── STORED DATA ──
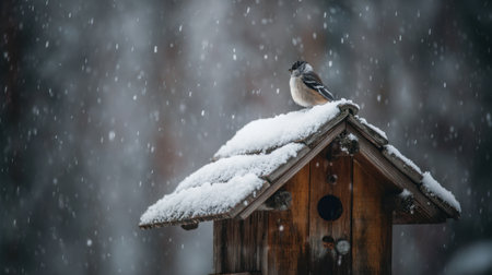 A beautiful winter scene featuring a small bird on a snow-covered birdhouse with gentle snowfall in a calm forest setting.
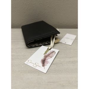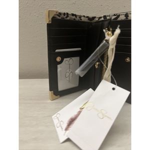 Jessica Simpson Small Fran Center Divider Faux Leather Wallet Color Black NWT. Faux leather wallet in the color Black/Meteorite with gold tone stud accents on front top corners, gold toned logo on front. Gold tone hardware. Inside Wallet clear ID window, bill slot, multiple card slots, slip pockets & zip pocket in center of wallet. Leopard print inside wallet.
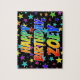 This fun, exciting, birthday-themed jigsaw puzzle design has the message "HAPPY BIRTHDAY, ZOEY" with the characters having a colourful rainbow spectrum inspired gradient pattern, along with a lively field of stars background pattern. An exciting puzzle like this might be used to send birthday greetings to somebody named Zoey. [~Z0000468]
───
_WHAT THE TASK REQUIRES_
All lines from the beginning of the material above through the line holding "Jessica Simpson Small" are to be given again exactly, and no others; pictures do not go in.

_SOLVED PROBLEM_
 A beautiful winter scene featuring a small bird on a snow-covered birdhouse with gentle snowfall in a calm forest setting.
 Jessica Simpson Small Fran Center Divider Faux Leather Wallet Color Black NWT. Faux leather wallet in the color Black/Meteorite with gold tone stud accents on front top corners, gold toned logo on front. Gold tone hardware. Inside Wallet clear ID window, bill slot, multiple card slots, slip pockets & zip pocket in center of wallet. Leopard print inside wallet.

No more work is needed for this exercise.